### What needs to be done
Pictures stay out of the copy. Transcribe exactly, and only, the line with "Boy's first holy" through the last line of the entries below.

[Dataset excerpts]
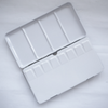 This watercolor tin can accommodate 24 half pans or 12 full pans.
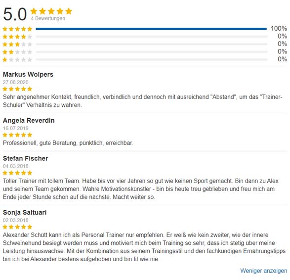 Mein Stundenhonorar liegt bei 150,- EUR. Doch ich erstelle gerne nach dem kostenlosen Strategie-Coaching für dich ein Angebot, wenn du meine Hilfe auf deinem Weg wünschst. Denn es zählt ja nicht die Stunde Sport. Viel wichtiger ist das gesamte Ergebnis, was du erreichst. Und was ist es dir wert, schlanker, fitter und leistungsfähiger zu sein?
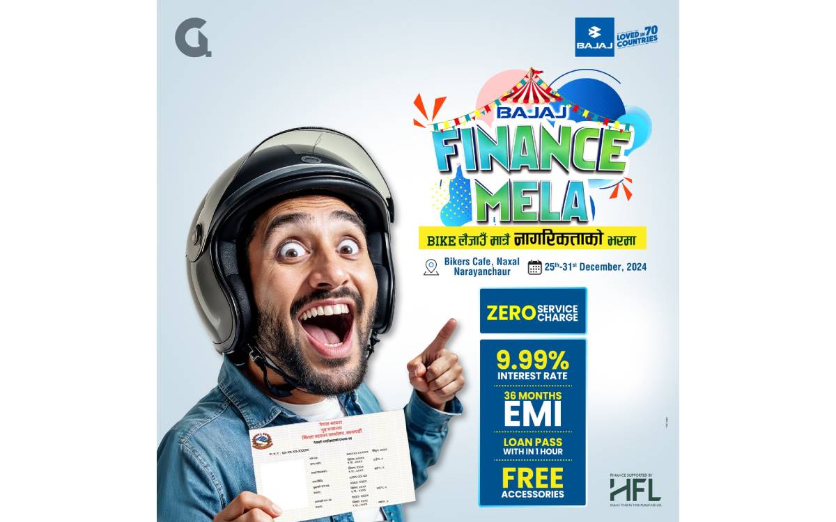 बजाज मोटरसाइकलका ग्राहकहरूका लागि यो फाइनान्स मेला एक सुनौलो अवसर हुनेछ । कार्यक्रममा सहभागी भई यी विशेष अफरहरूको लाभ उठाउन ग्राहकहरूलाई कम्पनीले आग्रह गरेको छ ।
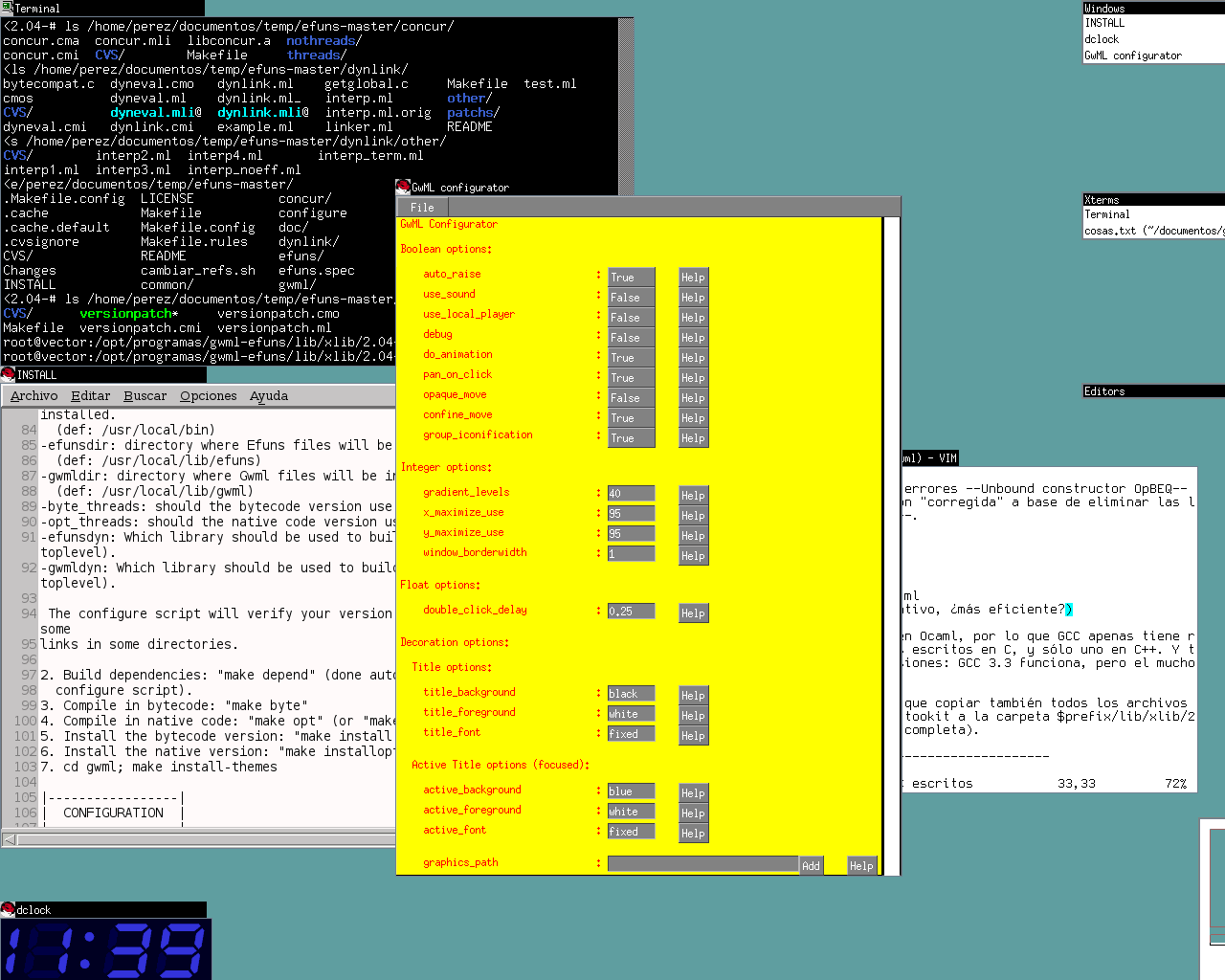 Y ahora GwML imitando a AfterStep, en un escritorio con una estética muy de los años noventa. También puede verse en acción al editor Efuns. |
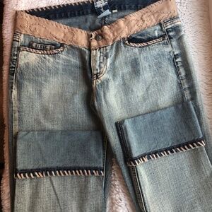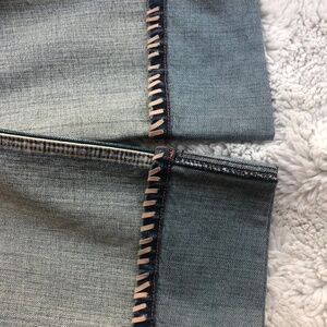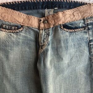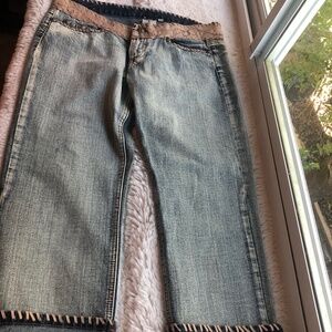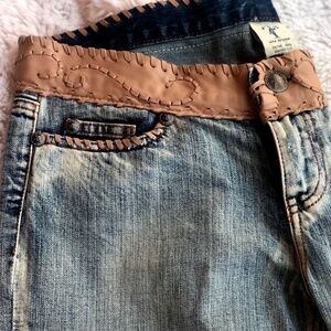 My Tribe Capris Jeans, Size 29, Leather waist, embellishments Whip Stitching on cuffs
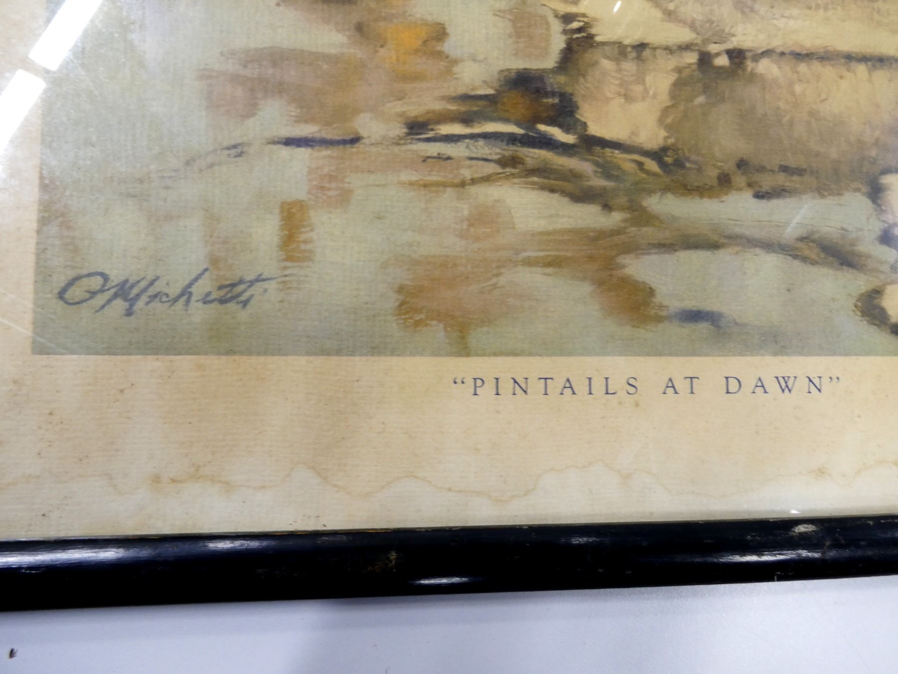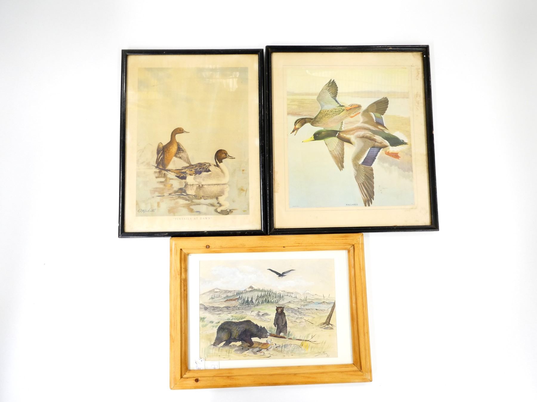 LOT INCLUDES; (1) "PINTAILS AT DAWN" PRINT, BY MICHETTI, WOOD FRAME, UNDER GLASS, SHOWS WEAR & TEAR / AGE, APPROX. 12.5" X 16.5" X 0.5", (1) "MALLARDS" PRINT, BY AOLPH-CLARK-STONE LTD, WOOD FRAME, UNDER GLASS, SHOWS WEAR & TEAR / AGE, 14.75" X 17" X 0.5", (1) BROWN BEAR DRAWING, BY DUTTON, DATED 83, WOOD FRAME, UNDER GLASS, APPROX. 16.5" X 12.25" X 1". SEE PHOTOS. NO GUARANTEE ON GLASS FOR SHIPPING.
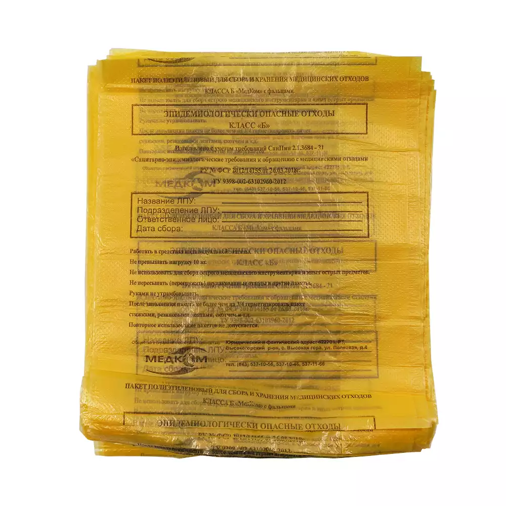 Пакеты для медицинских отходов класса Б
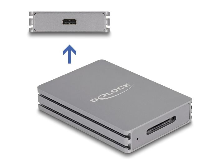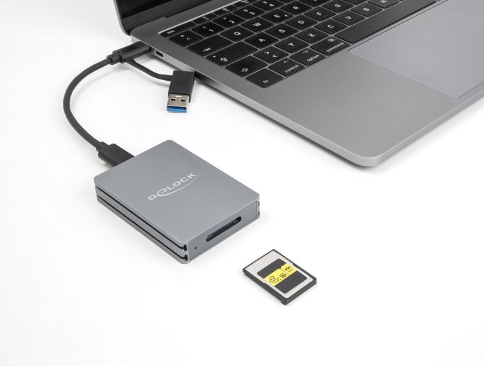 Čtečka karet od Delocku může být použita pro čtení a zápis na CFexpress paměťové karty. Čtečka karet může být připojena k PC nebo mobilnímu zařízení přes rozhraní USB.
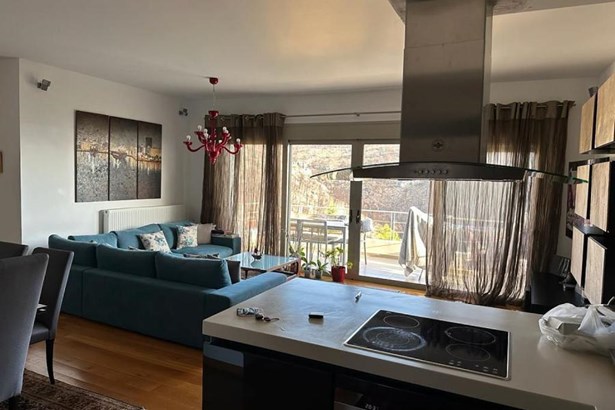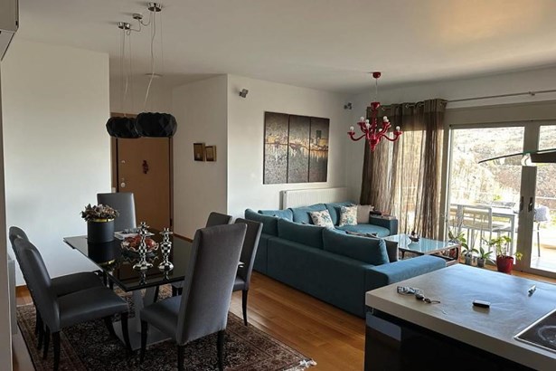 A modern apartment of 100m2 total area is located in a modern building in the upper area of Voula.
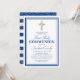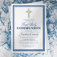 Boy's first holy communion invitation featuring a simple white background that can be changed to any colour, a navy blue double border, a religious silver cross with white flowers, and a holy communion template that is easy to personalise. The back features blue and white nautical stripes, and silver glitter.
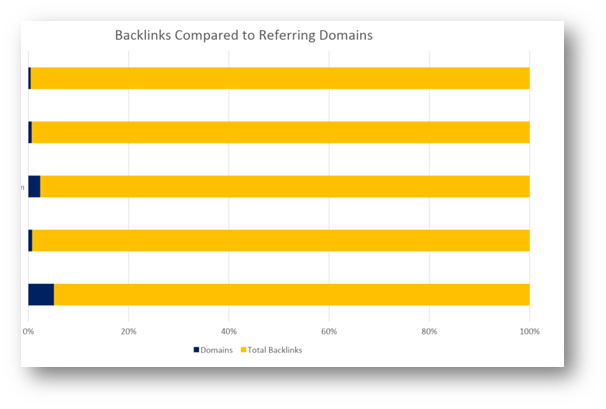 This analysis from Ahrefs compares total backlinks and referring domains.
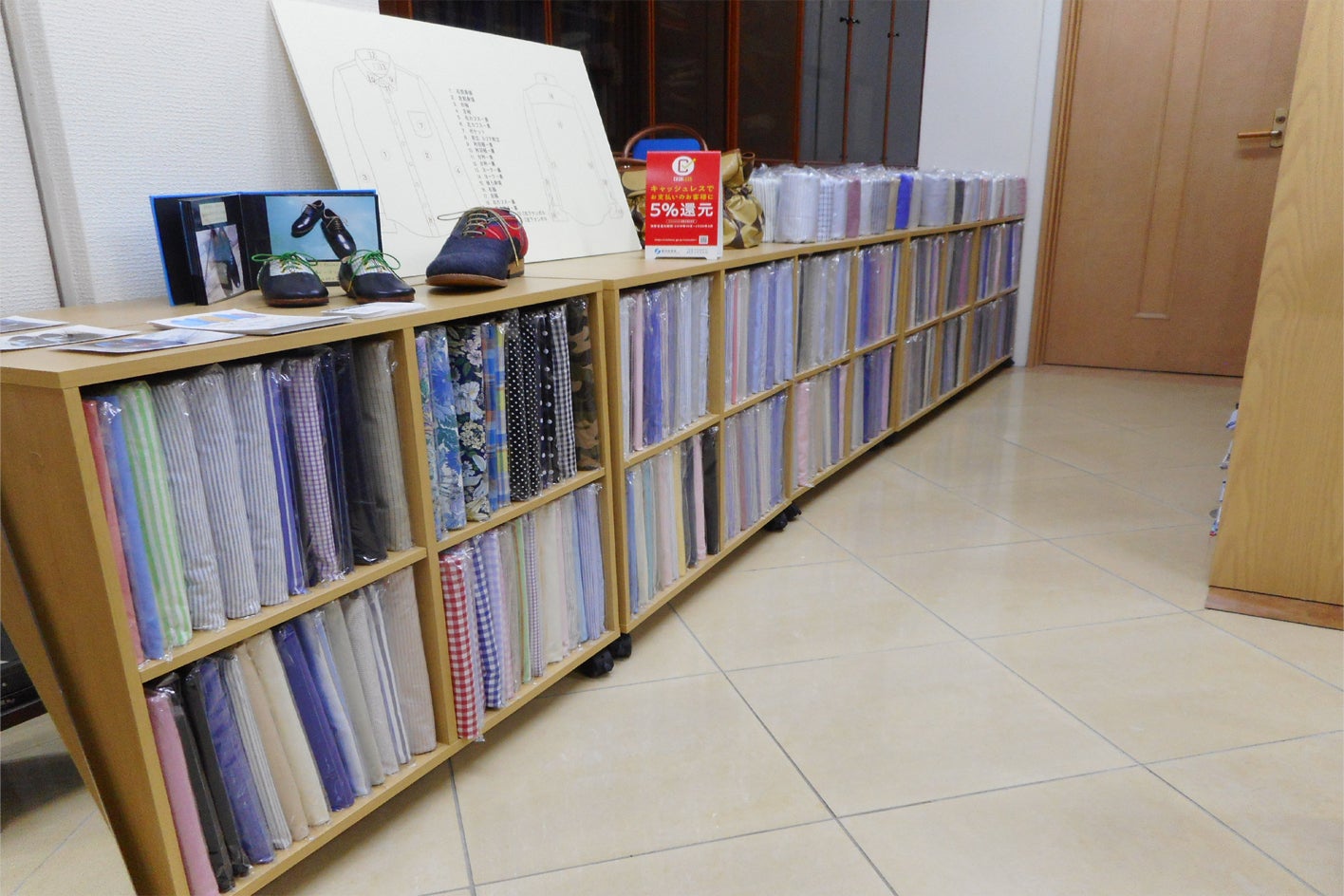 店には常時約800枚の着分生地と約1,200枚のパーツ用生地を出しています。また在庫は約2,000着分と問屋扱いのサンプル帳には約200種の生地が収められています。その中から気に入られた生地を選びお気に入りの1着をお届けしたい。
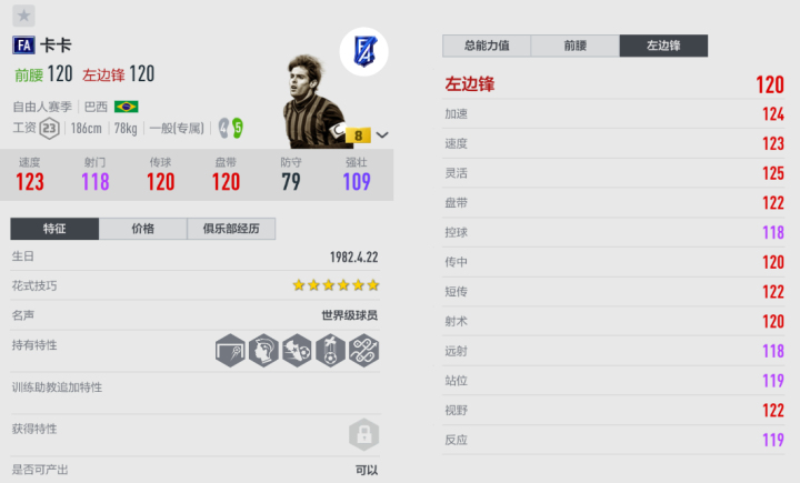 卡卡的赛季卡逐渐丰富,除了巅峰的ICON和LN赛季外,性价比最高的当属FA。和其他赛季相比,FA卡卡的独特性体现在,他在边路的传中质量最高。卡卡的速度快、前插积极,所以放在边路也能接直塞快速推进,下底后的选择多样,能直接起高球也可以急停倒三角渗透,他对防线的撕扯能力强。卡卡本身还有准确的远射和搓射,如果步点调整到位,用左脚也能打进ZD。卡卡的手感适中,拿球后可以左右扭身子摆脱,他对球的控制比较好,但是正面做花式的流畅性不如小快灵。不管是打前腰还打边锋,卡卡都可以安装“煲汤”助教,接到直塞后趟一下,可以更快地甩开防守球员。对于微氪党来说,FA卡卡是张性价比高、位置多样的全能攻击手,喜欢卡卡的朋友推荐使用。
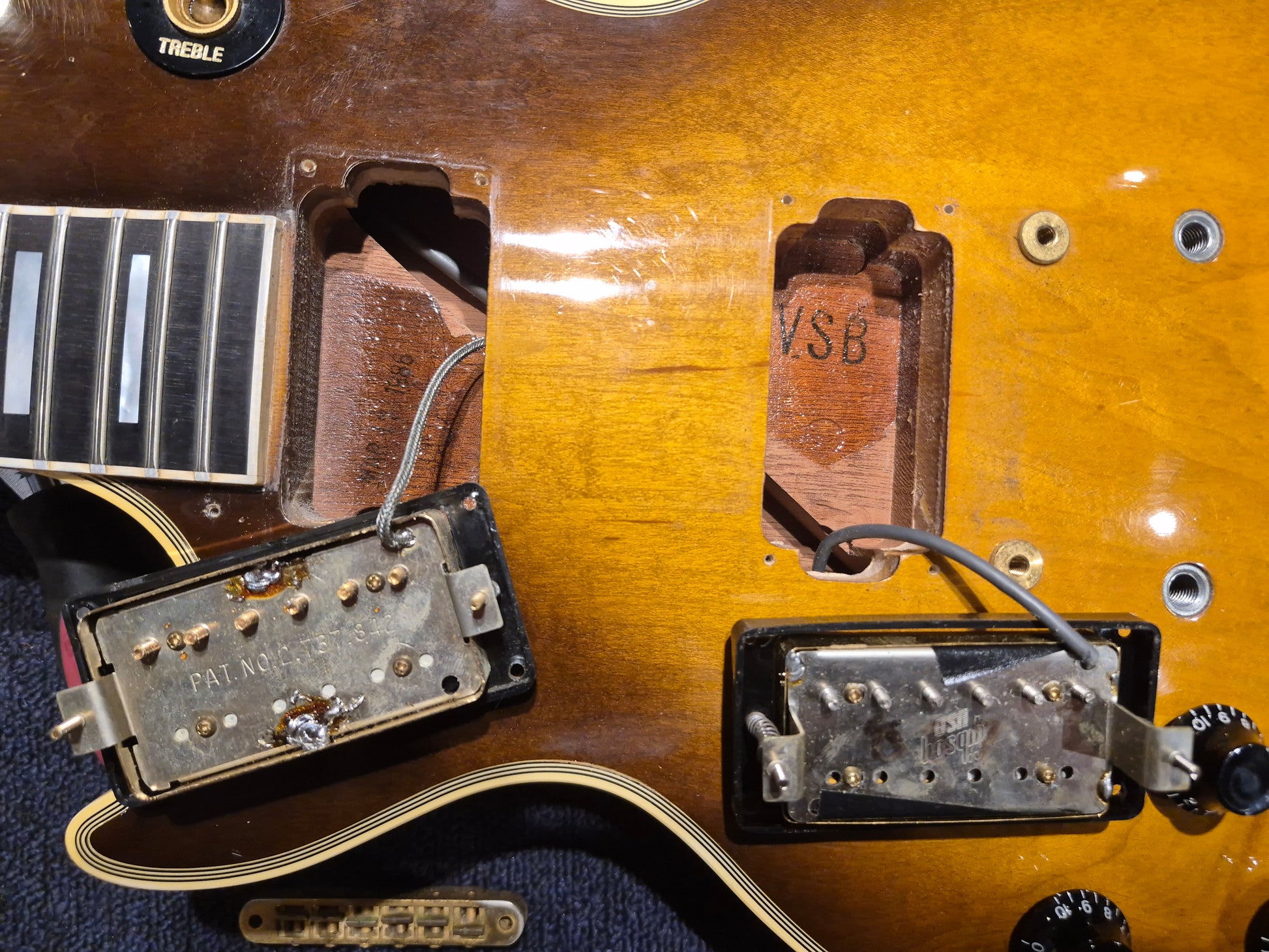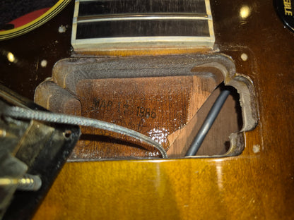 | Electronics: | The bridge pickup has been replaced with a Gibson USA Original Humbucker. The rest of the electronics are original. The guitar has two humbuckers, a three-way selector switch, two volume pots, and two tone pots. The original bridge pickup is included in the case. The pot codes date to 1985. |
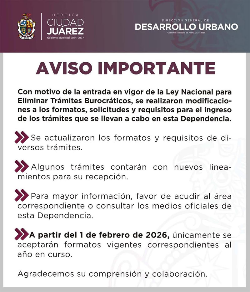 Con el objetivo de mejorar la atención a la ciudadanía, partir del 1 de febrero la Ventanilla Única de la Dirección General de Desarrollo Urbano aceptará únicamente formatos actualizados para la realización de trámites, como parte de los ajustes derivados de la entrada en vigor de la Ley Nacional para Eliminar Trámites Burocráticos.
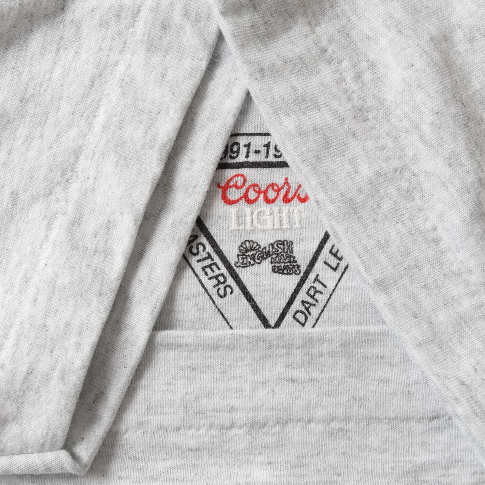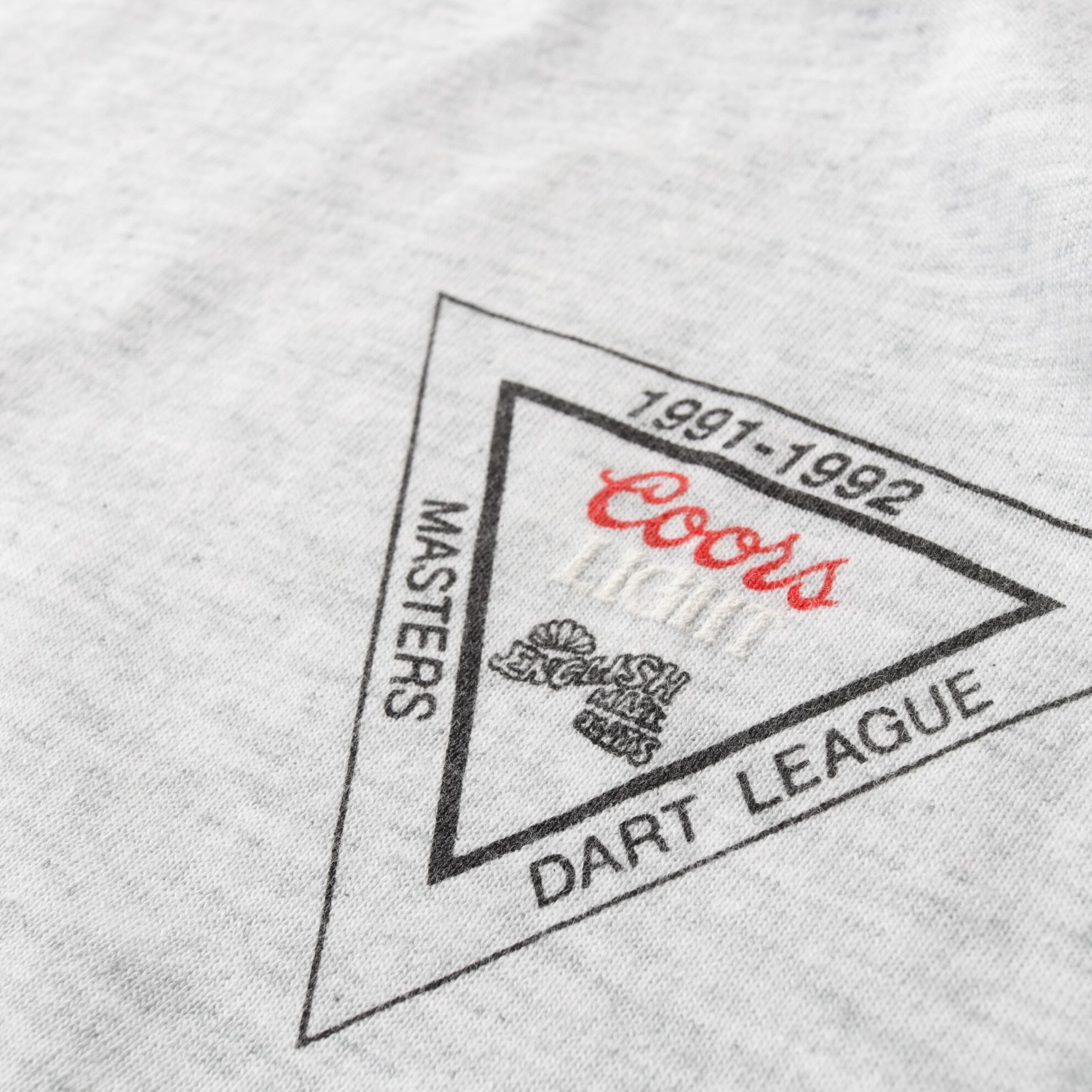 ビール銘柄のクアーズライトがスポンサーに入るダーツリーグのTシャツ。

### Reply
 Boy's first holy communion invitation featuring a simple white background that can be changed to any colour, a navy blue double border, a religious silver cross with white flowers, and a holy communion template that is easy to personalise. The back features blue and white nautical stripes, and silver glitter.
 This analysis from Ahrefs compares total backlinks and referring domains.
 店には常時約800枚の着分生地と約1,200枚のパーツ用生地を出しています。また在庫は約2,000着分と問屋扱いのサンプル帳には約200種の生地が収められています。その中から気に入られた生地を選びお気に入りの1着をお届けしたい。
 卡卡的赛季卡逐渐丰富,除了巅峰的ICON和LN赛季外,性价比最高的当属FA。和其他赛季相比,FA卡卡的独特性体现在,他在边路的传中质量最高。卡卡的速度快、前插积极,所以放在边路也能接直塞快速推进,下底后的选择多样,能直接起高球也可以急停倒三角渗透,他对防线的撕扯能力强。卡卡本身还有准确的远射和搓射,如果步点调整到位,用左脚也能打进ZD。卡卡的手感适中,拿球后可以左右扭身子摆脱,他对球的控制比较好,但是正面做花式的流畅性不如小快灵。不管是打前腰还打边锋,卡卡都可以安装“煲汤”助教,接到直塞后趟一下,可以更快地甩开防守球员。对于微氪党来说,FA卡卡是张性价比高、位置多样的全能攻击手,喜欢卡卡的朋友推荐使用。
 | Electronics: | The bridge pickup has been replaced with a Gibson USA Original Humbucker. The rest of the electronics are original. The guitar has two humbuckers, a three-way selector switch, two volume pots, and two tone pots. The original bridge pickup is included in the case. The pot codes date to 1985. |
 Con el objetivo de mejorar la atención a la ciudadanía, partir del 1 de febrero la Ventanilla Única de la Dirección General de Desarrollo Urbano aceptará únicamente formatos actualizados para la realización de trámites, como parte de los ajustes derivados de la entrada en vigor de la Ley Nacional para Eliminar Trámites Burocráticos.
 ビール銘柄のクアーズライトがスポンサーに入るダーツリーグのTシャツ。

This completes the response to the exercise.